-------- SUPPLIED MATERIAL --------

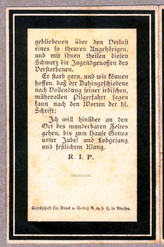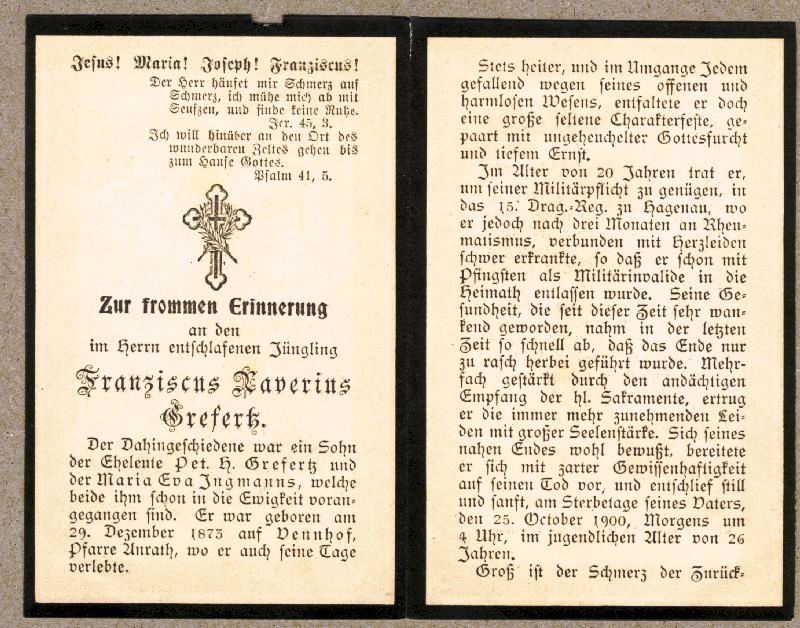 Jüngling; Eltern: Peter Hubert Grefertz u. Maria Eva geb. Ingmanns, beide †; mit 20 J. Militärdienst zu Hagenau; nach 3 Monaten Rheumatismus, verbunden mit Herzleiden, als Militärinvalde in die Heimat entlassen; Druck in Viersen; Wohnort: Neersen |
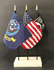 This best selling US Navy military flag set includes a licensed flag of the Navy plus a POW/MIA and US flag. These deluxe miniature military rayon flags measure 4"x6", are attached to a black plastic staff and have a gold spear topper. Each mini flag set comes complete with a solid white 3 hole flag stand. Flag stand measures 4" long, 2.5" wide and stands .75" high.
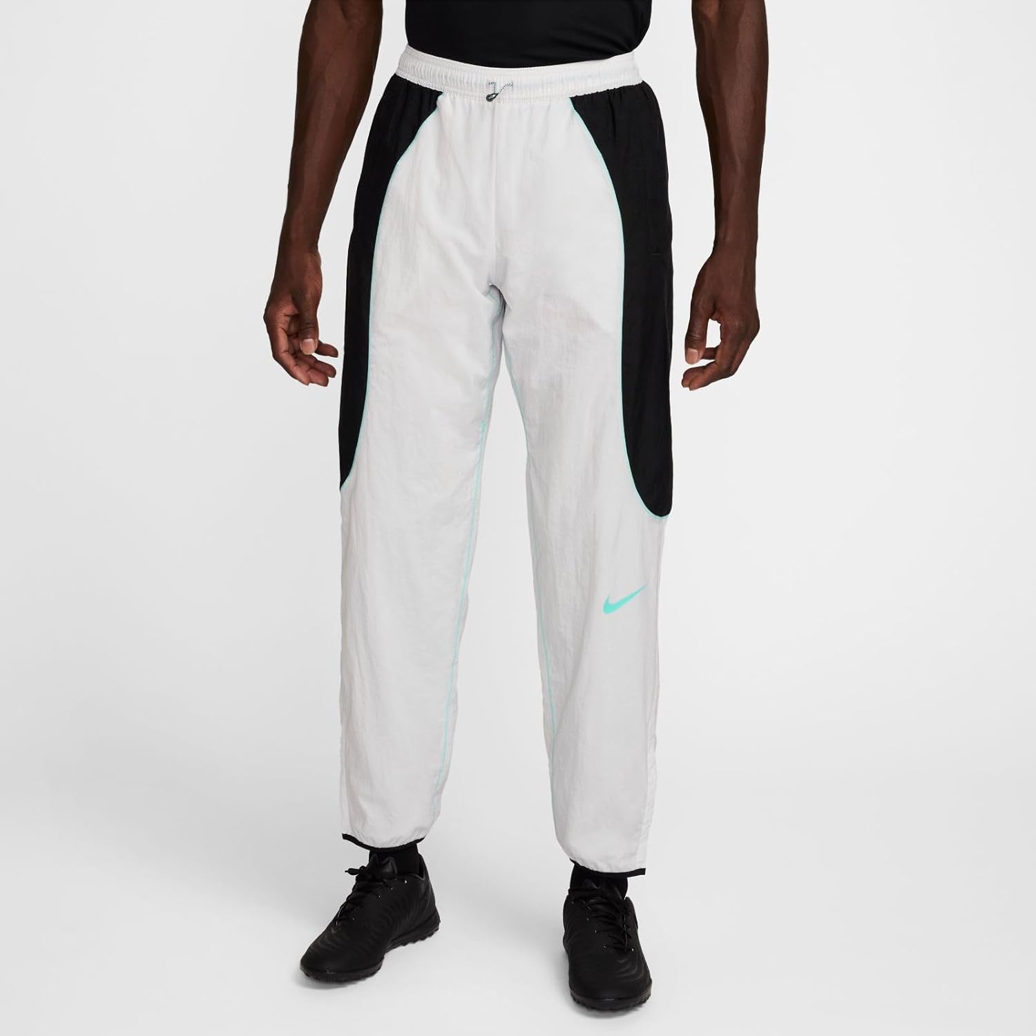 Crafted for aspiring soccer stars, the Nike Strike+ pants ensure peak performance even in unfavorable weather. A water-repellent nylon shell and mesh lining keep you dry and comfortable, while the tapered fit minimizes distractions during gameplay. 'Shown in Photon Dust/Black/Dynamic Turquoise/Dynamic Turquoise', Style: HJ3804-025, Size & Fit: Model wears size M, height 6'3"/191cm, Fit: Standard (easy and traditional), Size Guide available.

--------

▸ **PROBLEM REQUIREMENTS**
Pictures aside, reproduce exactly the lines from the one containing "This best selling" to the end of the listing above, both ends included.

▸ **OUTPUT FOR THIS EXERCISE**
 This best selling US Navy military flag set includes a licensed flag of the Navy plus a POW/MIA and US flag. These deluxe miniature military rayon flags measure 4"x6", are attached to a black plastic staff and have a gold spear topper. Each mini flag set comes complete with a solid white 3 hole flag stand. Flag stand measures 4" long, 2.5" wide and stands .75" high.
 Crafted for aspiring soccer stars, the Nike Strike+ pants ensure peak performance even in unfavorable weather. A water-repellent nylon shell and mesh lining keep you dry and comfortable, while the tapered fit minimizes distractions during gameplay. 'Shown in Photon Dust/Black/Dynamic Turquoise/Dynamic Turquoise', Style: HJ3804-025, Size & Fit: Model wears size M, height 6'3"/191cm, Fit: Standard (easy and traditional), Size Guide available.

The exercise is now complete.